Reimbursement & Nomenclature
- Ameli — NABM — reimbursable laboratory acts.
- Ameli — CCAM — procedural catalogue for hospital/outpatient coding.
- Ameli — LPPR — reimbursable medical devices and products.
Data Governance & Ethics
- CNIL — Guide Santé (RGPD) — GDPR compliance in healthcare.
- ANS — Hébergeurs de Données de Santé (HDS) — registry of certified health-data hosts.
- Health Data Hub — Documentation SNDS (LPP/NABM) — data-use and linkage guidelines.
🇪🇺 European Frameworks
- EU AI Act (2024) — transparency and oversight for high-risk medical AI.
- Regulation (EU) 2017/746 — IVDR — analytical and clinical-performance standards.
- EU HTA Regulation (2021/2282) — joint clinical assessment methodology across Member States.
Last updated: November 2025
Glossary of Key Terms
Service Attendu (SA): Expected clinical/public-health benefit guiding HAS reimbursement decisions. Keywords: service attendu HAS.
AI Diagnostic (Diagnostic fondé sur l’IA): In vitro or software-as-medical-device using machine learning for data analysis; assessed by HAS for transparency and clinical utility. Keywords: AI diagnostics France, digital pathology.
Article 51 (LFSS 2018): Framework for experimental payment and care pathways enabling bundled or value-based reimbursement. Keywords: Article 51 France, value-based healthcare.
ARS (Agences Régionales de Santé): Regional health agencies coordinating innovation pilots and data collection sites. Keywords: ARS France, innovation pilot health.
CCAM: National catalogue of medical procedures; basis for coding and cost weighting. Keywords: CCAM codes France.
CNAM: National Health Insurance Fund integrating RIHN 2.0 and Forfait Innovation budgets. Keywords: CNAM reimbursement, France.

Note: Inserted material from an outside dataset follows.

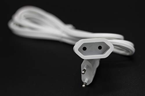 Prolongador de enchufe, con conectores planos. Esta manguera tiene una longitud de 5 metros y es de color blancao. En sus extremos tiene un conector de enchufe macho europeo y una clavija hembra europea, ambos planos con unas medidas de 2 cm de alto y 0,75 cm de ancho. Tiene una potencia de 1300 W. Un elemento indispensable en tu hogar u oficina para prolongar tus aparatos eléctricos.

CNEDiMTS: The HAS committee for devices/IVDs evaluates RWE protocols and issues opinions. Keywords: HAS device evaluation.
CNIL / RGPD (GDPR): French data authority / EU privacy law ensuring consent, DPIA, and lawful processing. Keywords: GDPR, health data, France.
HDS: “Hébergeur de Données de Santé”; certification required for compliant data hosting. Keywords: HDS certification France.
HTA (Health Technology Assessment): Evaluation of medical, economic, and ethical dimensions guiding reimbursement. Keywords: HTA, France, EU, JCA.
IVD / IVDR: In vitro diagnostic device regulated under IVDR (EU 2017/746). Keywords: IVDR compliance, France.
LPPR / LPP: Reimbursable devices catalogue (post-Forfait Innovation integration). Keywords: LPPR France reimbursement.
Mon Espace Santé / Ségur du Numérique: National EHR infrastructure enabling interoperability and telemonitoring. Keywords: digital health, France, EHR.
NABM: Laboratory acts nomenclature; end-state for permanent reimbursement. Keywords: NABM listing France.
PECAN: Digital-health fast-track for telemonitoring / DTx / AI-assisted care. Keywords: PECAN, France, digital health.
RIHN 2.0: Conditional reimbursement for innovative IVDs linked to an HAS-approved RWE study. Keywords: RIHN 2.0 France reimbursement.
RWE (Données en vie réelle): Evidence from clinical practice on safety, performance, and economic impact; required for RIHN 2.0. Keywords: RWE France diagnostics.